(Records from a data source)
+++
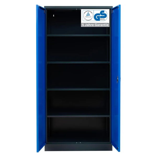 PROREGAL Stahlschrank Bee 4 Fachböden HxBxT 195 x 92 x 42 cm Verzinktes Fachbodenmaterial Anthrazit & Blau
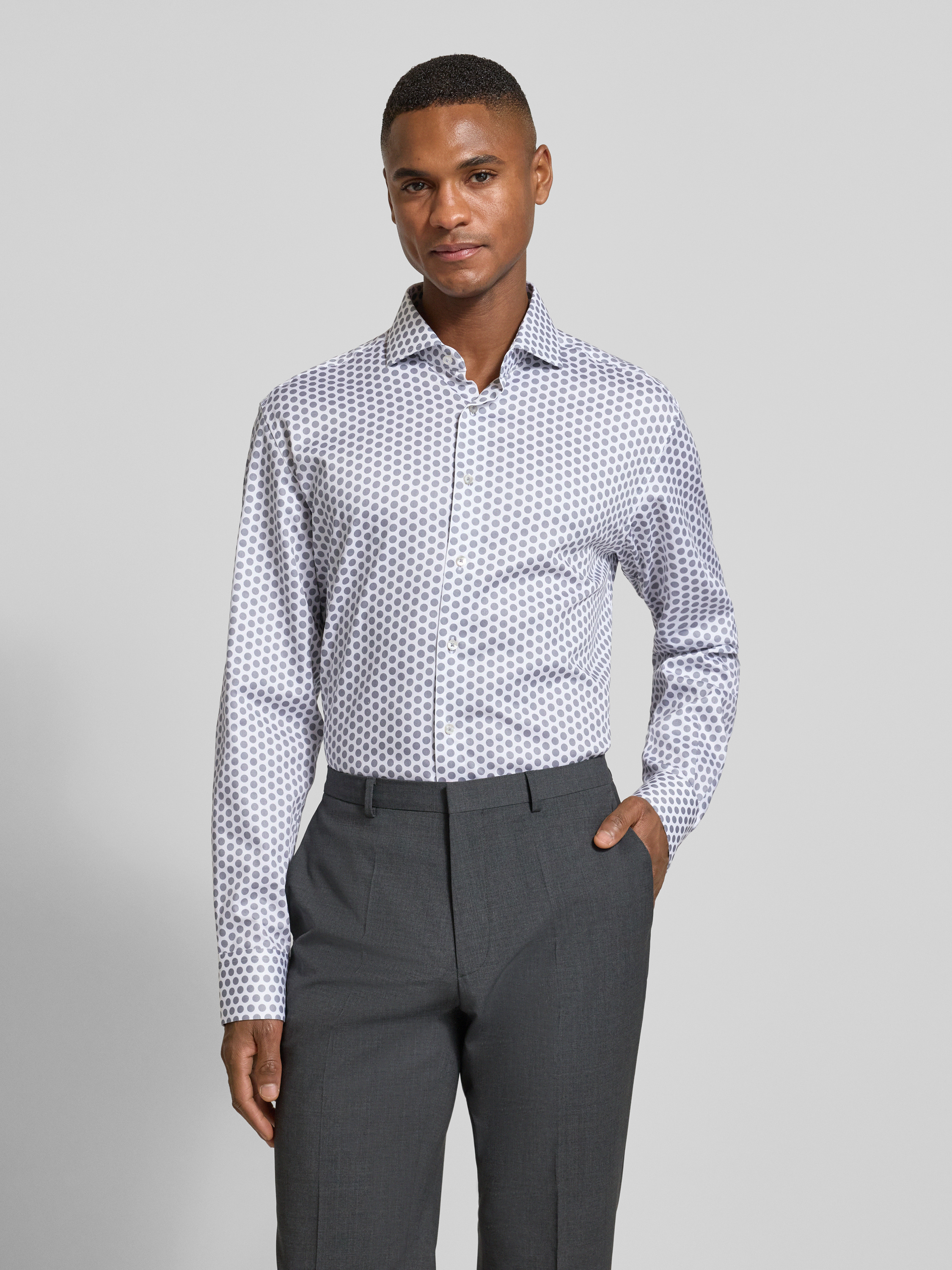 ETERNAModern fit zakelijk overhemd van katoen met kentkraag in lichtgrijs
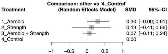 Aerobic training showed a modest improvement in quality-of-life metrics, with an effect size of 0.3 (95% Confidence Interval [CI]: −0.00 to 0.61), suggesting a potential but uncertain benefit. Strength training alone yielded a small effect size of 0.13 (95% CI: −0.41 to 0.66), indicating a slight, albeit statistically insignificant, improvement. The combination of aerobic and strength training resulted in an effect size of 0.07 (95% CI: −0.11 to 0.24), and strength training alone had an effect size of 0.19 (95% CI: −1.08 to 1.46). Neither combination nor isolated strength training significantly differed from the control group, as depicted in Figure 3. For a detailed analysis of the comparisons between study groups, refer to Figure S2.
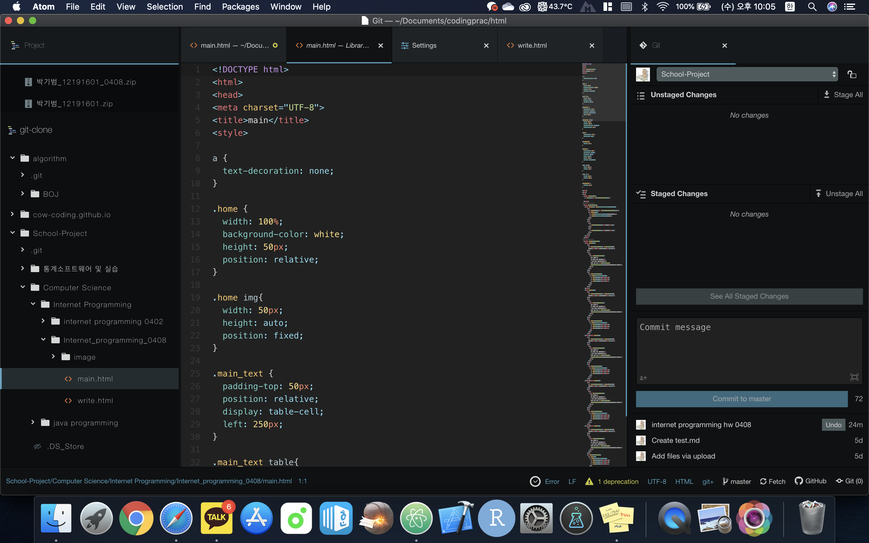 사실 설치는 이전에 해놨는 데 이번 학기부터 본격적으로 잘 사용하는 아톰(Atom) 에디터입니다.
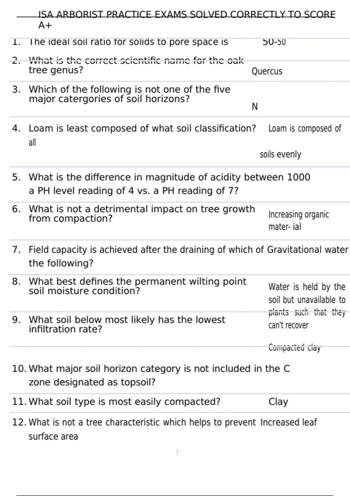 , ISA ARBORIST PRACTICE EXAMS SOLVED CORRECTLY TO SCORE
+++
# What this task involves
Please return every record above exactly, but leave out the pictures.

# Exercise response
 PROREGAL Stahlschrank Bee 4 Fachböden HxBxT 195 x 92 x 42 cm Verzinktes Fachbodenmaterial Anthrazit & Blau
 ETERNAModern fit zakelijk overhemd van katoen met kentkraag in lichtgrijs
 Aerobic training showed a modest improvement in quality-of-life metrics, with an effect size of 0.3 (95% Confidence Interval [CI]: −0.00 to 0.61), suggesting a potential but uncertain benefit. Strength training alone yielded a small effect size of 0.13 (95% CI: −0.41 to 0.66), indicating a slight, albeit statistically insignificant, improvement. The combination of aerobic and strength training resulted in an effect size of 0.07 (95% CI: −0.11 to 0.24), and strength training alone had an effect size of 0.19 (95% CI: −1.08 to 1.46). Neither combination nor isolated strength training significantly differed from the control group, as depicted in Figure 3. For a detailed analysis of the comparisons between study groups, refer to Figure S2.
 사실 설치는 이전에 해놨는 데 이번 학기부터 본격적으로 잘 사용하는 아톰(Atom) 에디터입니다.
 , ISA ARBORIST PRACTICE EXAMS SOLVED CORRECTLY TO SCORE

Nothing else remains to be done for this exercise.